To do:
Please write out only the lines from the line with "W kapturze znajdują" to the line with "Tel Aviv-Yafo, Israel Panoramic", inclusive, exactly as they stand below, without the pictures.

Input records:
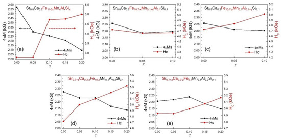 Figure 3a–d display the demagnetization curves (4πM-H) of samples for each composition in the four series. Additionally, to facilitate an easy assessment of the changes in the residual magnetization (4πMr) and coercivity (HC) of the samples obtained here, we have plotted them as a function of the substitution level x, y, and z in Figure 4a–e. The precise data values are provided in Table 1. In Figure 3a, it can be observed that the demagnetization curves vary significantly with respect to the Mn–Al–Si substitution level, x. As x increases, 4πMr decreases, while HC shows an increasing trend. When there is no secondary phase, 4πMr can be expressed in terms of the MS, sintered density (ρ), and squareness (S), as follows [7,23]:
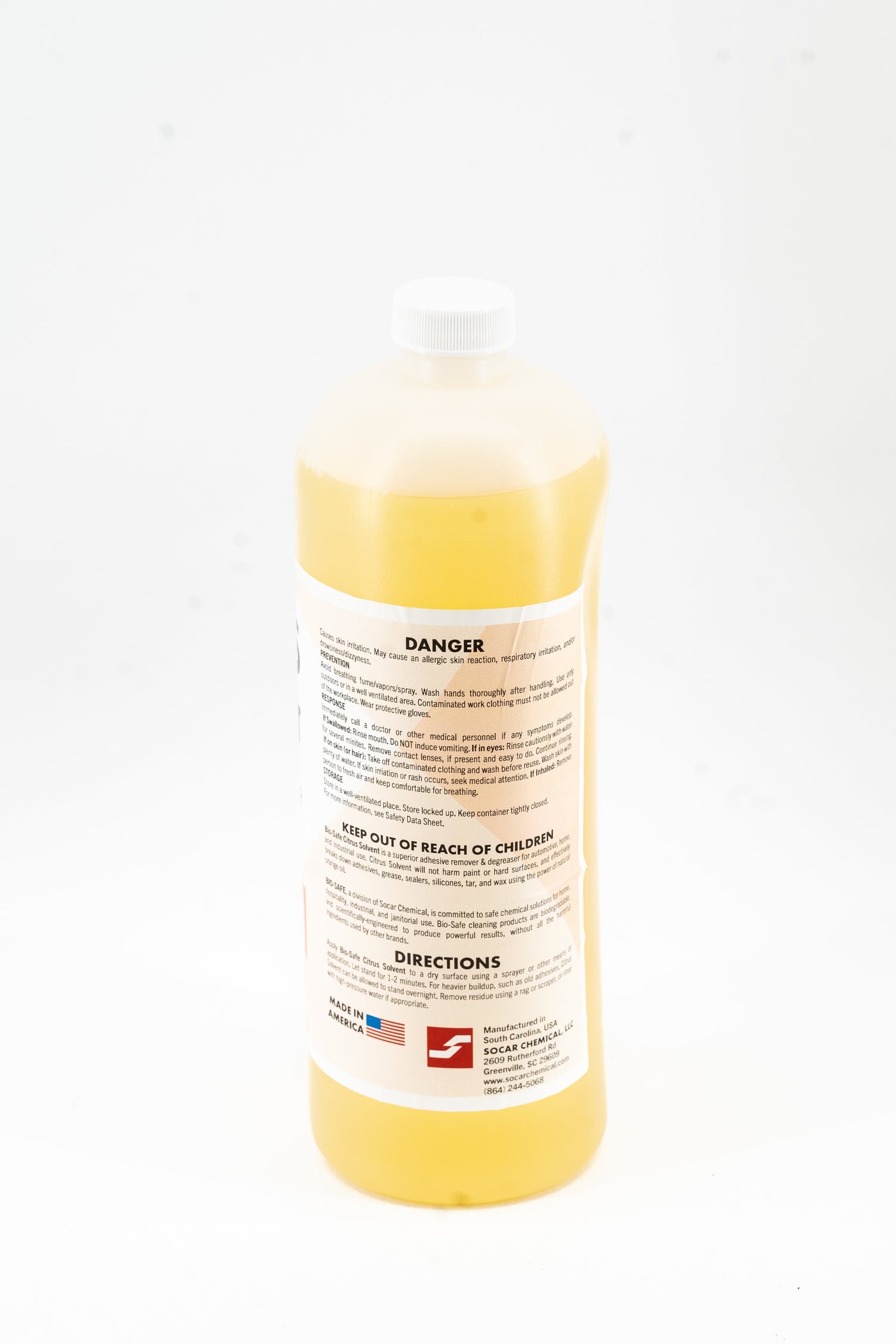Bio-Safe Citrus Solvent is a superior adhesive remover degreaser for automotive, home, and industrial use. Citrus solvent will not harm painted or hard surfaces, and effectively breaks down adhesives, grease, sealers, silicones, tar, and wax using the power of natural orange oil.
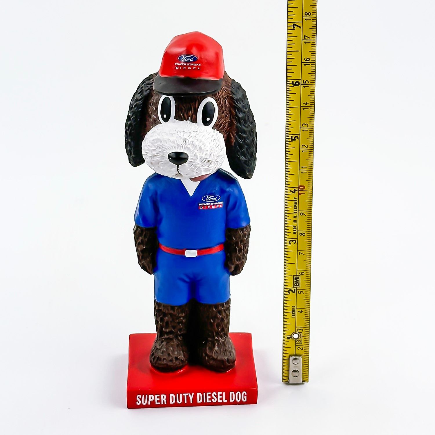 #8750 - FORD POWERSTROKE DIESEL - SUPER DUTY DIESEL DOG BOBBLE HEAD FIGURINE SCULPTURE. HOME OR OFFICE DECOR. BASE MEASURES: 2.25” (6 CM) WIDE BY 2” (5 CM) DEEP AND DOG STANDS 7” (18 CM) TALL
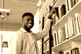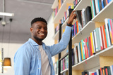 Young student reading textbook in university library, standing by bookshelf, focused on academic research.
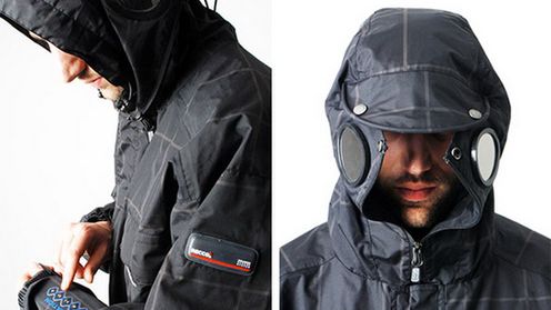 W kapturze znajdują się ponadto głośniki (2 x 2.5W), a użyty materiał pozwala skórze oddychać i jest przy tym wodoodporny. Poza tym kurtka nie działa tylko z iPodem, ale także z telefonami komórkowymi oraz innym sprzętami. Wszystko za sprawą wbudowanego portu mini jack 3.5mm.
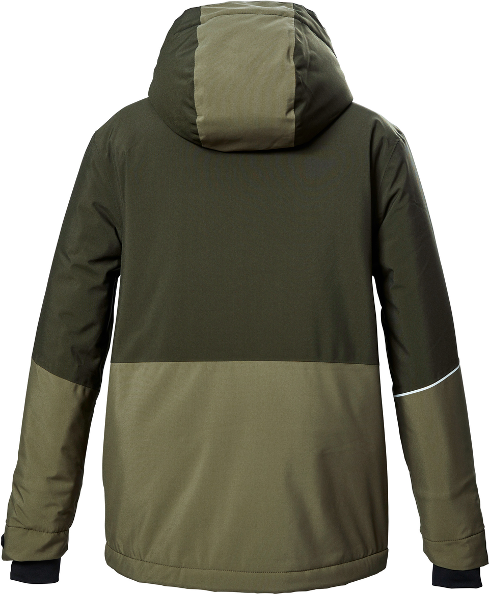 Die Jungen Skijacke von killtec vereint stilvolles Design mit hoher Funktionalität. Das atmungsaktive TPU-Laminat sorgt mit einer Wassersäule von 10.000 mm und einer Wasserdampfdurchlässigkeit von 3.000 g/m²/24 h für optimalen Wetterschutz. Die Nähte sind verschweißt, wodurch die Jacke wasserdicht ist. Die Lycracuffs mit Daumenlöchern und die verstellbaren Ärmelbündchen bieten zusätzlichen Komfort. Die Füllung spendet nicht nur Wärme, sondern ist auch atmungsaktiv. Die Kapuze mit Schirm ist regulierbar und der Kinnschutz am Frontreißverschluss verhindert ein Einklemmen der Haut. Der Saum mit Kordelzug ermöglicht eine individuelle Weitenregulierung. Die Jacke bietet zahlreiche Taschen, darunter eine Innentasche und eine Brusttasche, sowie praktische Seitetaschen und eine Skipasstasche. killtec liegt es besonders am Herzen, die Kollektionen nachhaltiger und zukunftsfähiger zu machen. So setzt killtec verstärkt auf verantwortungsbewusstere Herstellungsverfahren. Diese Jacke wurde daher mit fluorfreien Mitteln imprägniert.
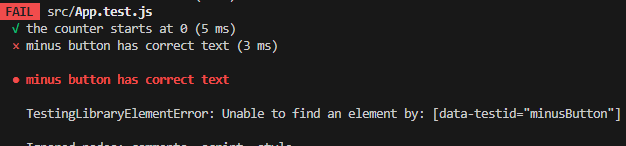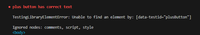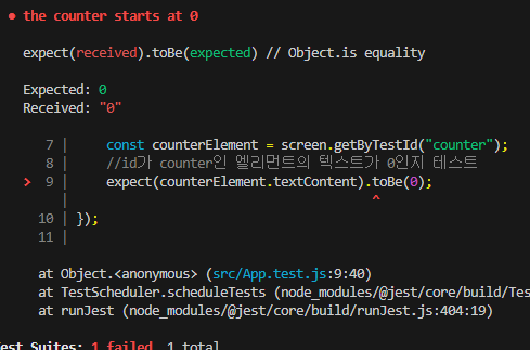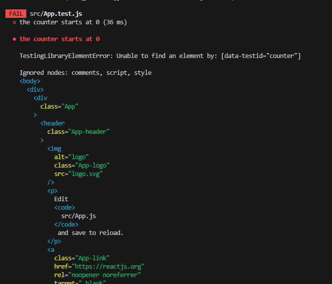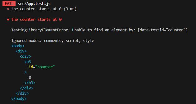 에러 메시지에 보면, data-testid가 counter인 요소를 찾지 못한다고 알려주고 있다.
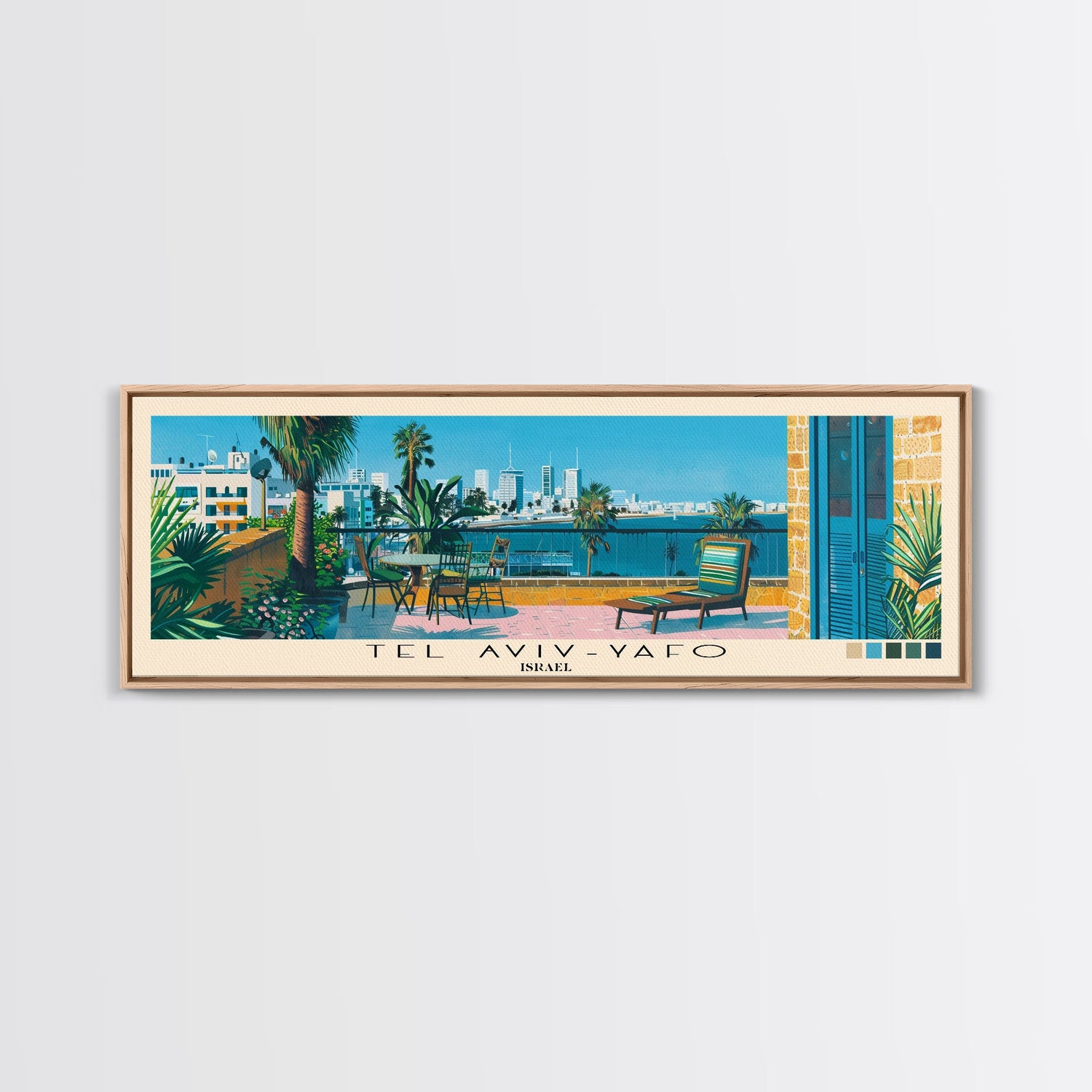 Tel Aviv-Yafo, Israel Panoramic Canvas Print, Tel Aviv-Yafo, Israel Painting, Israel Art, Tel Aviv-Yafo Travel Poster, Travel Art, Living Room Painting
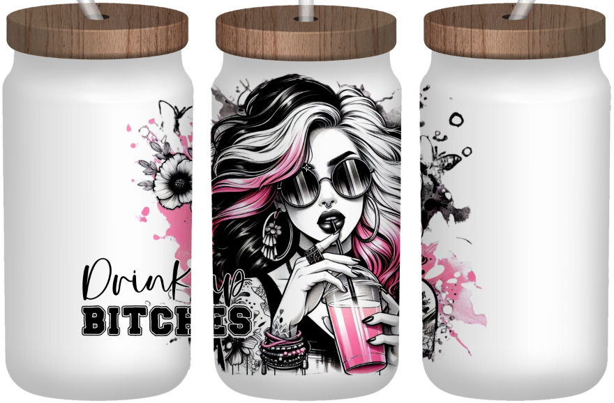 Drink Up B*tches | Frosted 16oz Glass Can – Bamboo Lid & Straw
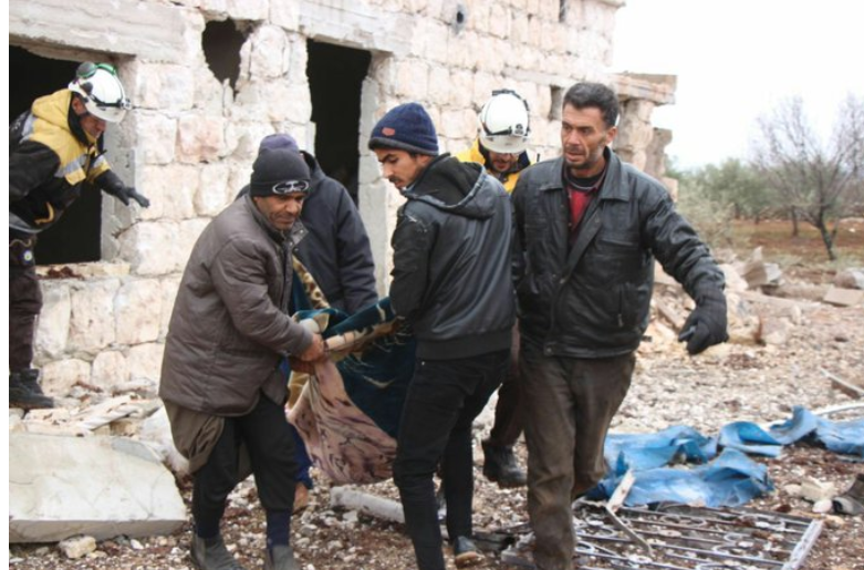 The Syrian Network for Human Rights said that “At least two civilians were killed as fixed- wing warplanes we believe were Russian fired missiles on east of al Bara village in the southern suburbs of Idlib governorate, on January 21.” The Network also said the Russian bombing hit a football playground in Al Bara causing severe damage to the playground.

Solution for this problem:
 W kapturze znajdują się ponadto głośniki (2 x 2.5W), a użyty materiał pozwala skórze oddychać i jest przy tym wodoodporny. Poza tym kurtka nie działa tylko z iPodem, ale także z telefonami komórkowymi oraz innym sprzętami. Wszystko za sprawą wbudowanego portu mini jack 3.5mm.
 Die Jungen Skijacke von killtec vereint stilvolles Design mit hoher Funktionalität. Das atmungsaktive TPU-Laminat sorgt mit einer Wassersäule von 10.000 mm und einer Wasserdampfdurchlässigkeit von 3.000 g/m²/24 h für optimalen Wetterschutz. Die Nähte sind verschweißt, wodurch die Jacke wasserdicht ist. Die Lycracuffs mit Daumenlöchern und die verstellbaren Ärmelbündchen bieten zusätzlichen Komfort. Die Füllung spendet nicht nur Wärme, sondern ist auch atmungsaktiv. Die Kapuze mit Schirm ist regulierbar und der Kinnschutz am Frontreißverschluss verhindert ein Einklemmen der Haut. Der Saum mit Kordelzug ermöglicht eine individuelle Weitenregulierung. Die Jacke bietet zahlreiche Taschen, darunter eine Innentasche und eine Brusttasche, sowie praktische Seitetaschen und eine Skipasstasche. killtec liegt es besonders am Herzen, die Kollektionen nachhaltiger und zukunftsfähiger zu machen. So setzt killtec verstärkt auf verantwortungsbewusstere Herstellungsverfahren. Diese Jacke wurde daher mit fluorfreien Mitteln imprägniert.
 에러 메시지에 보면, data-testid가 counter인 요소를 찾지 못한다고 알려주고 있다.
 Tel Aviv-Yafo, Israel Panoramic Canvas Print, Tel Aviv-Yafo, Israel Painting, Israel Art, Tel Aviv-Yafo Travel Poster, Travel Art, Living Room Painting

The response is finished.